A Productive Green Extension For A Reservoir Family Home

The retention of garden space was the key driver of this house renovation in Reservoir, located 12 kilometres north of Melbourne’s CBD.

The clients desired more space without negatively impeding on this precious outdoor area cherished by their children, chickens, cats and bees.

A lean-to spanning the ground floor was demolished to make way for a two-storey addition. This new structure sits within the garden, serving to delineate the line between old and new, and allowing the clients to remain living in the home during construction.

‘We achieved this by designing the extension as a pavilion, which could be built independently, so the original part of the house could remain separate but was eventually connected back to the house with a corridor link,’ explains Sarah Lake, director of Sarah Lake Architects.

‘This became even more crucial during Covid with the owners kept separate from the builders throughout the build (when numbers on site allowed).’

The clients were very open to ideas and wanted to have some fun with the design. This thinking paired with their brief inspired the concept of a productive green façade in the form of a timber screen.

‘The approach was for the screen to be the main architectural feature, whereby the screen sits off the building and wraps around the two storey extension connecting it to the existing house at one end and forming an outdoor entertainment space at the other,’ says Sarah.

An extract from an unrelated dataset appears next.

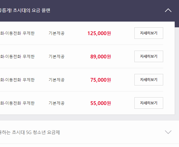 그룹을 선택하면 해당하는 skt의 요금제가 나열될 거예요. 그럼 데이터 사용량이나 기타 혜택들을 간략하게 살펴보고, 마음에 드는 항목이 있다면 자세히 보기 버튼을 누르면 됩니다.
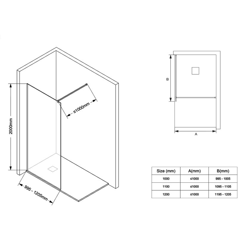 - Anpassbare Abmessungen: Mit anpassbaren Abmessungen von 100-120 cm in der Breite und einer großzügigen Höhe von 200 cm kann diese Duschwand perfekt an Ihren Badezimmerbereich angepasst werden, unabhängig von dessen Konfiguration.

The screen acts as a trellis for the owners to grow their garden up, over, and around the house, and creates a privacy screen for the new first floor.

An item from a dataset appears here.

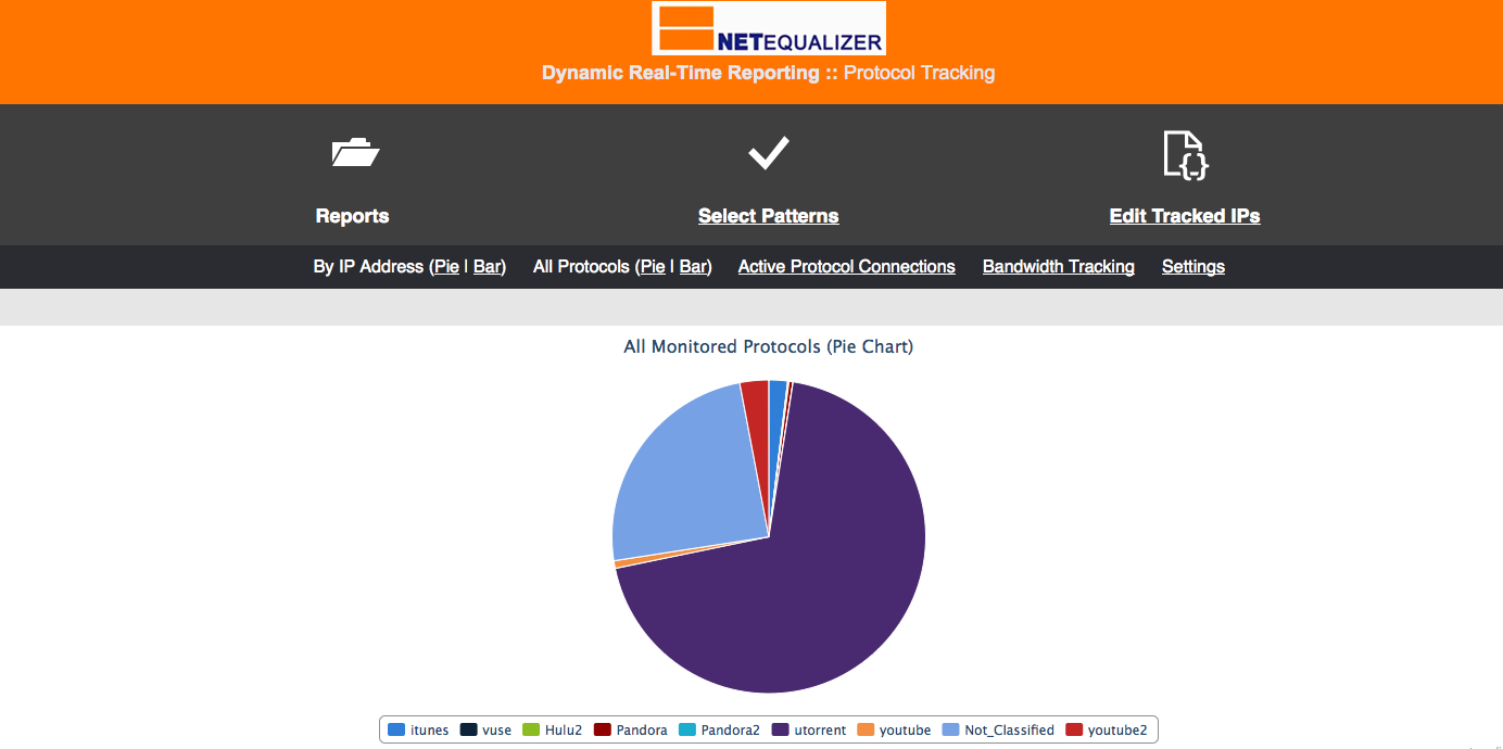 We have some nice color coded pie chart graphs that show customers percentages of their bandwidth by application. This feature is popular really catches their eye.

‘We also looked to the neighbourhood of Reservoir with the arches taking cues from the migrant modern brick houses, the timber fretwork arches on verandahs, the inverse arches of white picket fences, and the varied backyard pergolas,’ says Sarah.

The timber screen is white for maximum visual impact when ensconced with greenery. It sits before the structural wall of the home clad in grey painted fibre cement sheets selected for their cost effectiveness.

By sitting out from the house, the screen also creates an eave to ensure the sun won’t hit the glazing in summer.  Winter sun reaches deep into the house, with the concrete slab absorbing heat through the day.

The screen is working as intended. Passionfruit is dropping down off the façade, and other vines are climbing their way up the lattice, weaving in and out of the screen to inhabit the space between the screen and the house.

‘It keeps the house cool and makes the garden immediately visible from the interior,’ Sarah says.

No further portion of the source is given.